BOX 3. Prospects for Pumping China’s Offshore Fresh Water Reserves

• In late 2013, a report published in Nature (Post et al., 2013) broke new ground by confirming that “vast meteoric groundwater reserves” (VMGRs) were actually quite common in coastal waters throughout the world. Collectively, these seabed aquifers may hold an estimated 500,000 cubic kilometers of groundwater. For some sense of scale, “the volume of this water resource is a hundred times greater than the amount we’ve extracted from the Earth’s sub-surface in the past century since 1900,” according to Dr. Vincent Post, lead author of the study.

• One of these large continental shelf aquifers sits off China’s coast under the East China Sea. At least some of these local offshore groundwater stocks had been known previously. In Zhejiang Province’s Shengsi Island, for example, the provincial government has already begun operations to pump seabed groundwater.

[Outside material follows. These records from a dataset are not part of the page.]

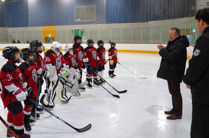 지난 주말 진행된 광주실내빙상장 훈련장 방문은 사전경기로 개최된 빙상 종목 격려에 이은 두 번째로 아이스하키 선수들과 지도자들을 직접 만나 응원하고 사기 진작을 위해 마련됐다.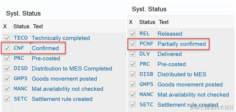 S/4HANA的生产订单,哪个字段可以用来做生产完成的标志位 已注销 2021-04-25 110 阅读1分钟 看状态里面一个confirmed(CNF)的状态,出现这个状态就说明是完全的数量都报工了。 如果是部分报工的话就是PCNF,不过如果生产订单行项目生产的成品数量为1的话,就不会出现这个状态。CNF上面那个TECO状态的意思是订单结束了,一般全部报工就会自动结束,但是也有的情况是订单被非正常关闭,所以不建议看上面那个状态。就看CNF就行。 要获取更多Jerry的原创文章,请关注公众号"汪子熙":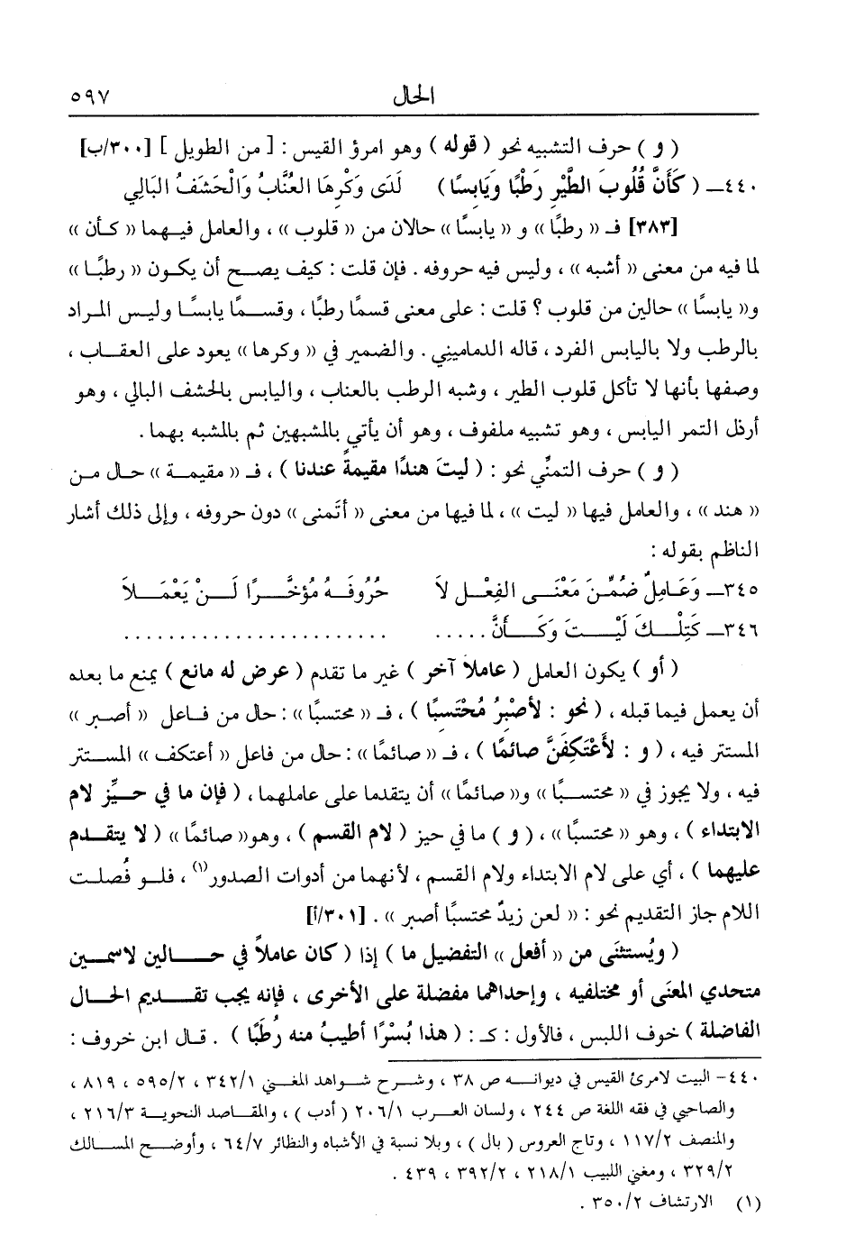 440- البيت لامرئ القيس في ديوانه ص38، وشرح شواهد المغني 1/ 342، 2/ 595، 819، والصاحبي في فقه اللغة ص244، ولسان العرب 1/ 206، "أدب" والمقاصد النحوية 3/ 216، والمنصف 2/ 117، وتاج العروس "بال" وبلا نسبة في الأشباه والنظائر 7/ 64، وأوضح المسالك 2/ 329، ومغني اللبيب 1/ 218، 2/ 392، 439.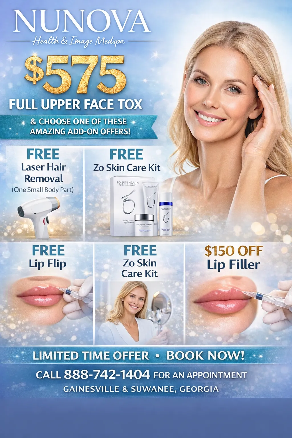 - $575 for full upper face cosmetic tox combined with one of our free offers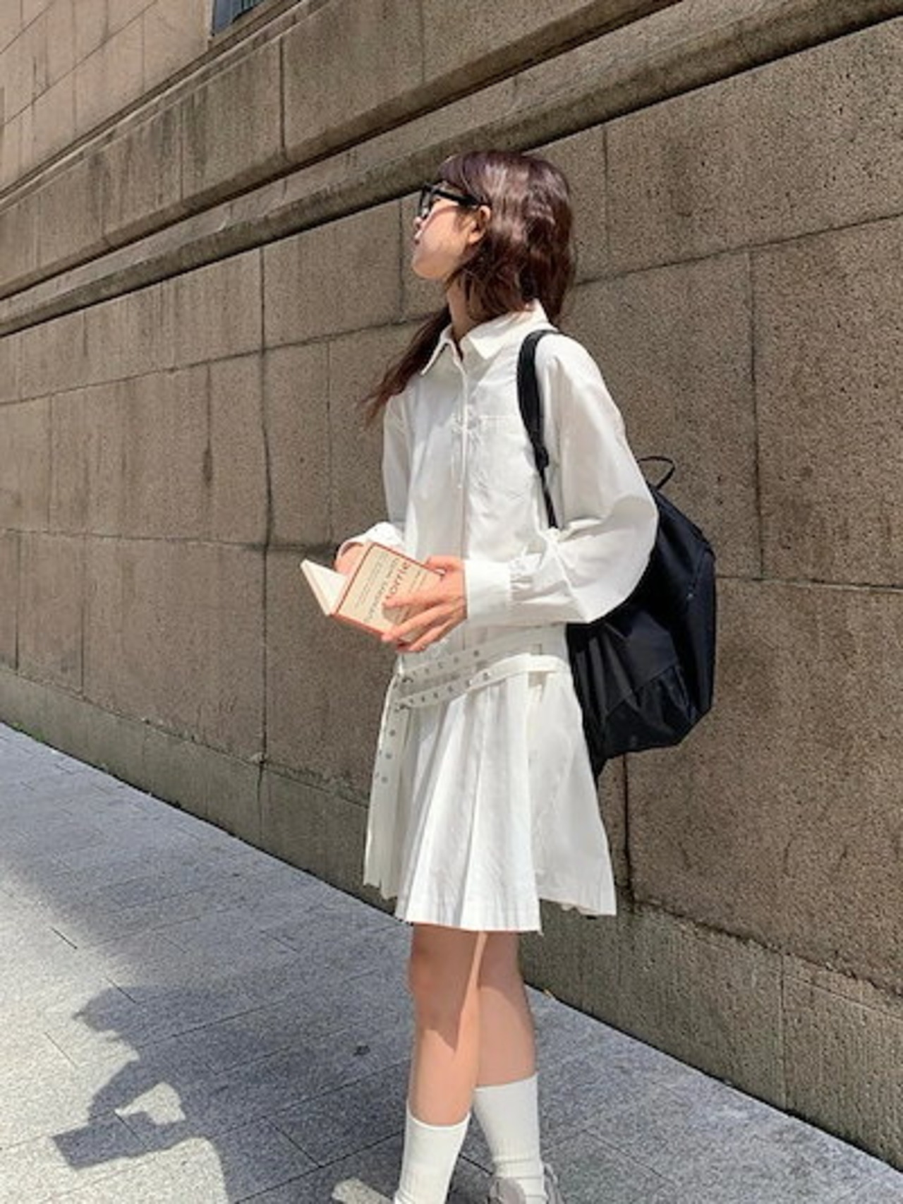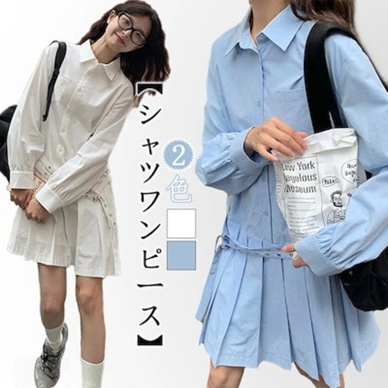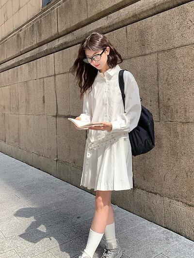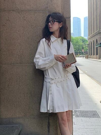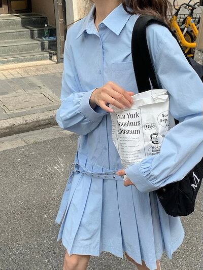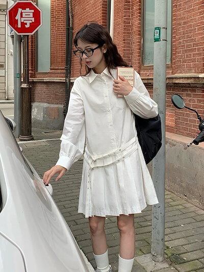 韓国ファッション ベルト 装飾 レイヤードワンピース 春秋 新作 レディース 小柄 シャツワンピース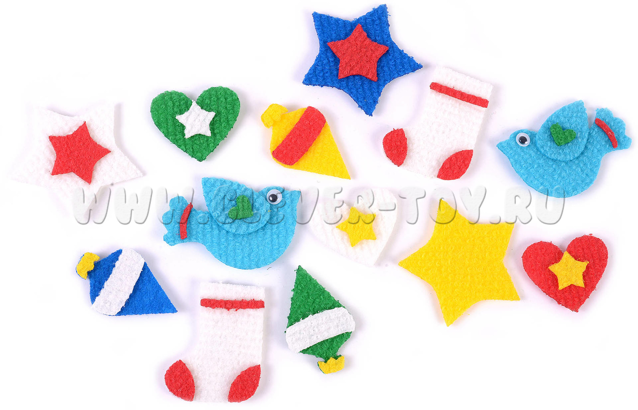 • Фигурки в виде елочных украшений: птички, сердечки, рождественские носочки, сосульки, звездочки (13 шт.).

With the increasing sophistication of offshore drilling technology associated with the energy industry, harvesting seabed groundwater in even hard-to-access areas of the continental shelf under the East China Sea appears within the realm of technological possibility in the not-so-distant future. The prospects of pumping offshore groundwater are appealing for eastern Chinese cities because in addition to diversifying supply streams for urban fresh water, it may reduce burden on aquifers sitting under dry land, easing groundwater compaction problems in Shanghai, Beijing, and other major cities.

• Lost in the hubbub to date has been discussion of how much energy would be required to successfully extract and desalinate deep-lying seabed groundwater supplies and move them to where they are needed. VMGR water supplies can be harvested using offshore platform drilling into the continental shelf below or by drilling from nearby islands. While not as saline as regular saltwater—and therefore possibly only 20 percent as energy- intensive to desalinate as regular seawater—VMGR water will nevertheless require some degree of energy to purify for human use (Chen, 2014).

• While these groundwater stocks could help provide water to some large coastal cities for decades, centuries, or even longer, such projections are far from certain and more research is needed as to the volume of the water and economical ways to extract it. Regardless of where the truth actually lies, these offshore supplies will in time likely emerge as part of a patchwork approach to meet growing water demand in China’s thirstiest cities, as well as in other water-stressed coastal areas of the world. As China’s issues with urban water scarcity grow more severe, it may be that any water supplies within Chinese territory—onshore or offshore—must be harvested at any cost, making the energy resources needed to obtain these supplies a distant second consideration.